I've created an algorithm that evaluates this cosine similarity beetween each element of the i-th and j-th row but i've tried using lists or creating a spark DF / RDD for each result and merging them using the" union" function. The function I've used to evaluate the cosineSimilarity is the following. It takes 2 lists in input ( the lists of the i-th and j-th rows) and returns the maximum value of the cosine similarity between each couple of elements in the lists.
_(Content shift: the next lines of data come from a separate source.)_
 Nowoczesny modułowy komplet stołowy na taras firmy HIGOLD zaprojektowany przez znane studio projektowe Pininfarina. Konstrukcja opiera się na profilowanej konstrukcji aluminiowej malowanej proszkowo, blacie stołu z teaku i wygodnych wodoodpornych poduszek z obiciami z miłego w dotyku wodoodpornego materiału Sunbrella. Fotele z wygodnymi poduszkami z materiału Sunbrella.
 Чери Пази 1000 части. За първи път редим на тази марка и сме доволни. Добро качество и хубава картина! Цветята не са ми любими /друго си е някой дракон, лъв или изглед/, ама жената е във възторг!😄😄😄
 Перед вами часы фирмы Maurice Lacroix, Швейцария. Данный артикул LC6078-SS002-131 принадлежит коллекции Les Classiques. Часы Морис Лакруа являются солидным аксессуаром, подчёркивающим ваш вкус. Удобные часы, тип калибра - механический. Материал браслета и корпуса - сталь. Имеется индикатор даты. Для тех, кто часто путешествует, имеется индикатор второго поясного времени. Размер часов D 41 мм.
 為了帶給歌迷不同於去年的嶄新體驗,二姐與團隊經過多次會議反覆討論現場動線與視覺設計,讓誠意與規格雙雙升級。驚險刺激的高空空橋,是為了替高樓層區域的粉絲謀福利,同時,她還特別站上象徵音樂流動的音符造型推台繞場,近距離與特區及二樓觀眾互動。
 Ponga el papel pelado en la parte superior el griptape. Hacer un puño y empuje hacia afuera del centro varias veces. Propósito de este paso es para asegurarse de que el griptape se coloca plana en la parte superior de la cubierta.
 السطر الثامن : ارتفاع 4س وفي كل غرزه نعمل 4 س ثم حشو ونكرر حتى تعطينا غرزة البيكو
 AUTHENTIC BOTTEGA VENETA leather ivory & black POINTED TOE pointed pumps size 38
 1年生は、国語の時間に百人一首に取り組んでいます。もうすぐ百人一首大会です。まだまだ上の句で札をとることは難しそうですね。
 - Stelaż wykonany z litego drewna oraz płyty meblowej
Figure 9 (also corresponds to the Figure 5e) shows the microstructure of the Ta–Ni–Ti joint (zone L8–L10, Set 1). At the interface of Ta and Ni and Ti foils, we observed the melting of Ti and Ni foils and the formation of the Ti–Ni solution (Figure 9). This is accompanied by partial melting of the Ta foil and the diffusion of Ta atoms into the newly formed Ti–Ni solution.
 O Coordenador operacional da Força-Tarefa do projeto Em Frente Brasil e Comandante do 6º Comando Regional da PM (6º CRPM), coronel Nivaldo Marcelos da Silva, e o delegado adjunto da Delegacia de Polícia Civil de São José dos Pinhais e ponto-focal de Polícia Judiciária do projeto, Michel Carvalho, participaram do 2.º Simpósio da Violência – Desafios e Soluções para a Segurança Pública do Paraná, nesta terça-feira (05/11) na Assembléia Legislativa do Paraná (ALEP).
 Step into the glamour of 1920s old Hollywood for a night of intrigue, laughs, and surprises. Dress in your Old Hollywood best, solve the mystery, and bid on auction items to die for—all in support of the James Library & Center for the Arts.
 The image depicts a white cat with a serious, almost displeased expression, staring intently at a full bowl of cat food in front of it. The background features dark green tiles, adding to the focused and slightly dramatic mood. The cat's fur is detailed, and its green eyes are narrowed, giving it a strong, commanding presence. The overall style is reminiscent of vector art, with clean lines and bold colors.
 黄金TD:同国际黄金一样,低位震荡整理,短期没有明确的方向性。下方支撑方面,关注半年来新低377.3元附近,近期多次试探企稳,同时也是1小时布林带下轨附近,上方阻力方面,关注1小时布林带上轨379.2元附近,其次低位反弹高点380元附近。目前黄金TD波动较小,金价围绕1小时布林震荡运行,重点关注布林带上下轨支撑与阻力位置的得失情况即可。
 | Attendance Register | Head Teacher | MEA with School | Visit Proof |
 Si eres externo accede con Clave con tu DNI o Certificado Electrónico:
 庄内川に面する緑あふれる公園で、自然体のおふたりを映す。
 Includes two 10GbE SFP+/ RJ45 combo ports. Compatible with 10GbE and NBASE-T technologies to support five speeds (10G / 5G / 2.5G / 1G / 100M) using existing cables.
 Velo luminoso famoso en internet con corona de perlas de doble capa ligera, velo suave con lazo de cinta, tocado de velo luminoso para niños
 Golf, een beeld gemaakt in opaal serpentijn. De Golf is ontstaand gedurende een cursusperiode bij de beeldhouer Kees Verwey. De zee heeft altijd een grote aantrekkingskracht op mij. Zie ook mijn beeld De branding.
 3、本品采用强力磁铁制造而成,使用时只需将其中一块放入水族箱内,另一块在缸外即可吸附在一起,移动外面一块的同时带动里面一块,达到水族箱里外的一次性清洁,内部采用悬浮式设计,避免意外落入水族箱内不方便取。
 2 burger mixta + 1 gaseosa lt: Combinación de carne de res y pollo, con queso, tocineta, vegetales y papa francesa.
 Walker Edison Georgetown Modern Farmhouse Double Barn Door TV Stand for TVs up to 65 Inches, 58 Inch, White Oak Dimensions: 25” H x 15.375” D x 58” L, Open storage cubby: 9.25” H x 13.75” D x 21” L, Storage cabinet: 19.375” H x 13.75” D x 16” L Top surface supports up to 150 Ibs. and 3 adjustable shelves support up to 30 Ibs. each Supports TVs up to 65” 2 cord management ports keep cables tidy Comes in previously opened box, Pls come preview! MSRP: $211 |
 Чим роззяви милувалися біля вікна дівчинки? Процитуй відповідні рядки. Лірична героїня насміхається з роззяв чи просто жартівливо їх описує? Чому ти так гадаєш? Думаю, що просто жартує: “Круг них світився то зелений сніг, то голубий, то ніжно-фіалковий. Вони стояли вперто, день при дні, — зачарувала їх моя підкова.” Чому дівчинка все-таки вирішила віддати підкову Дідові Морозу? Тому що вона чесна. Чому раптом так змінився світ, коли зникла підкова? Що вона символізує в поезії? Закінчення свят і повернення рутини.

But this is not the problem.

def cosineSim(lista1,lista2,embed): 
#embed = hub.KerasLayer(os.getcwd())
    eps=sys.float_info.epsilon
    if((lista1 is not None) and (lista2 is not None)):
        if((len(lista1)>0) and (len(lista2)>0)):
            risultati={}
            for a in lista1:
                tem = a
                x = tf.constant([tem])
                embeddings = embed(x)
                x = np.asarray(embeddings)
                x1 = x[0].tolist()
                for b in lista2:
                    tem = b
                    x = tf.constant([tem])
                    embeddings = embed(x)
                    x = np.asarray(embeddings)
                    x2 = x[0].tolist()

                    sum = 0
                    suma1 = 0
                    sumb1 = 0
                    for i,j in zip(x1, x2):
                        suma1 += i * i
                        sumb1 += j*j
                        sum += i*j
                    cosine_sim = sum / ((sqrt(suma1))*(sqrt(sumb1))+eps)
                    risultati[a+'-'+b]=cosine_sim
                    cosine_sim=0
            risultati=max(risultati.values())
    return risultati

The function I'm using to iterate over the rows is the following one:

def iterazione(df,numero,embed):
    a=1
    k=1
    
    emp_RDD = spark.sparkContext.emptyRDD()
    columns1= StructType([StructField('Source', StringType(), False),
                       StructField('Destination', StringType(), False),
                     StructField('CosinSim',FloatType(),False)])
    first_df = spark.createDataFrame(data=emp_RDD,
                                         schema=columns1)
    
    for i in df:
        
        for j in islice(df, a, None):
            r=cosineSim(i[1],j[1],embed)
            
            
            if(r>0.45):
                z=spark.createDataFrame(data=[(i[0],j[0],r)],schema=columns1)
                first_df=first_df.union(z)
                
            k=k+1
            if(k==numero):
                k=a+1
        a=a+1
    return first_df

The output I desire is something like this:




| Source    |  Dest     | CosinSim |
| --------  |  ----     |  ------  |
| Bkeur23   | Ksur312kd | 0.93     |
| Bkeur23   | Fwd2kd    | 0.673    |
| Ksur312kd | Fwd2kd    | 0.76     |


But there is a problem in my "iterazione" function. I ask you to help me finding the best way to iterate all over this rows. I was thinking also about copying the column "features" as "features2" and applying my function using WithColumn but I don't know how to do it and if it will work. I want to know if there's some method to do it directly in a spark dataframe, avoiding the creation of other datasets and merging them later, or if you know some method more rapid and efficient. Thank you!

  • Does this help you in any way? https://stackoverflow.com/questions/46758768/calculating-the-cosine-similarity-between-all-the-rows-of-a-dataframe-in-pyspark – ms12 Dec 17 '22 at 20:12

0 Answers0